It’s a funny week, even if nobody seems to remember what “funny” means anymore.
I didn’t laugh at Dave Chappelle’s SNL monologue. I walked out of the room during the big announcement the other night (one too many lies) even if I remember Trump’s presidency as a brief golden age for comics.
Tonight not only did I need to laugh, but I needed to feel okay about laughing. Thank God I got my fix, watching Gay for Pay with Blake and Clay, a gay for pay production in association with Crow’s Theatre: where tonight was opening night. It’s a Fringe Show getting a well-deserved revival, written by Daniel Krolik and Curtis Campbell starring Jonathan Wilson and Krolik, directed by Campbell.

The premise is that we in the audience are a bunch of straight male actors, looking to get work in film or theatre, taking a training seminar with two gay actors showing us how to be gay. It’s not such a crazy premise when you recall that gender and modern life are totally performative nowadays.
One of the great things to notice about Gay for Pay with Blake and Clay is that, wow, being gay is so normal now that we can joke about it, about the sex, the body parts, the clichés.
Or so it seems.
But I’m looking through the filter of some of the other questions of representation that I’m thinking of lately. There’s Kent Monkman’s indigenous drag-queen persona, regularly confronting me with the question “is it okay to laugh at this”? On the weekend Dave Chappelle seemed to be an angry separatist uninterested in any kind of reconciliation.

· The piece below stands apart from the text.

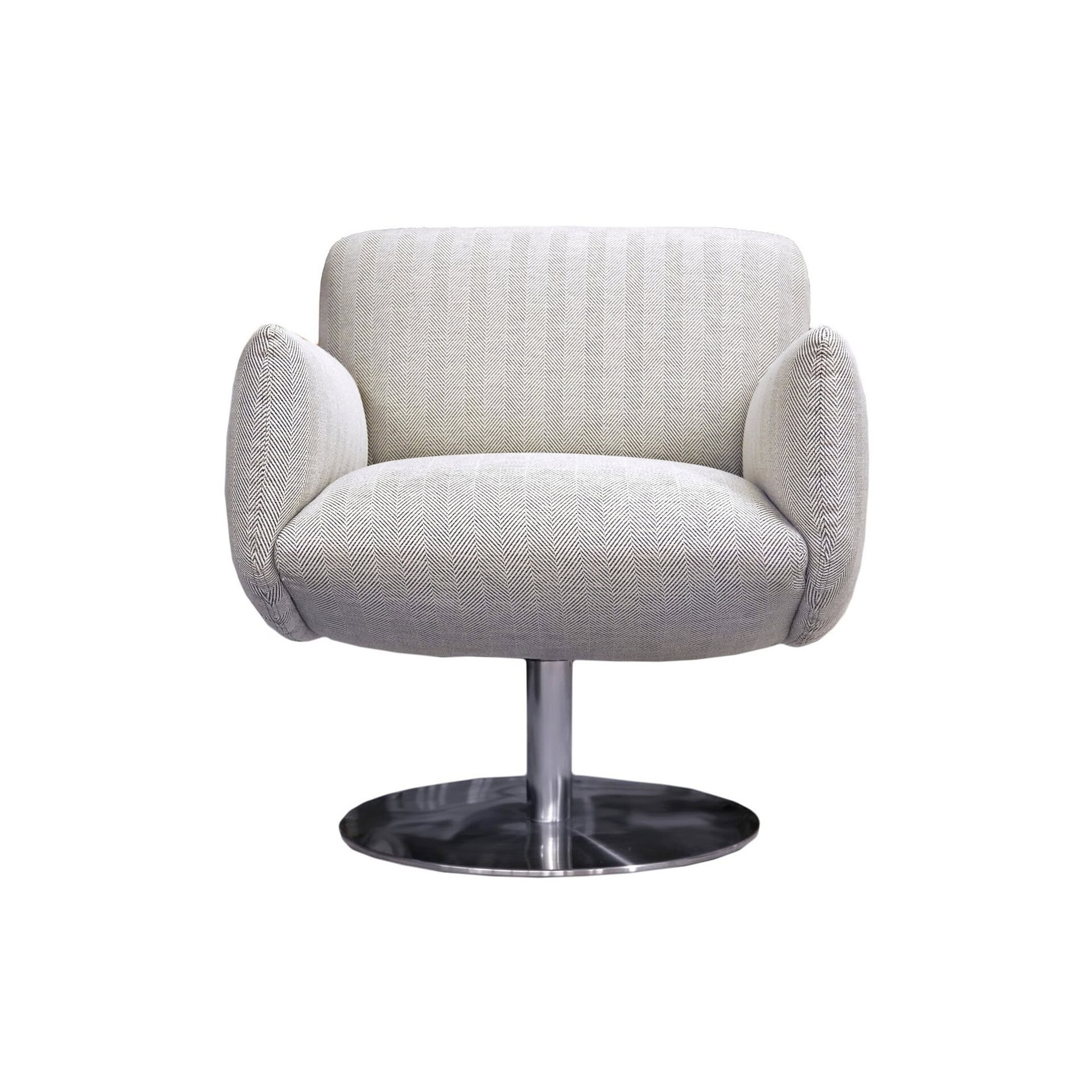 The Frances Swivel Chair is a plush, modern addition to any space, designed to captivate from every angle.

Tonight’s show was magical, as we segue from this ongoing laughter, possibly improper and even sexist, to gradually noticing that there’s some very serious questions underlying the show. We get to have our cake (laughter) and eat it too (the serious politics underlying the show). No guilt.
Forgive me if I sound too serious in writing this. But I laughed through most of the show, while many around me laughed even more than I did. This is a show that deserves to be seen and heard. Opening night was made up of people who knew about the show and came ready to laugh.
If you need a laugh, if you want to feel okay about your laughter, or if you’re just an actor who wants to find out how to play a gay man? see Gay for Pay with Blake and Clay, at Crow’s until November 27th.
There’s a bonus if like me you’re hesitant about being in a theatre without a mask. This show requires the audience to wear masks.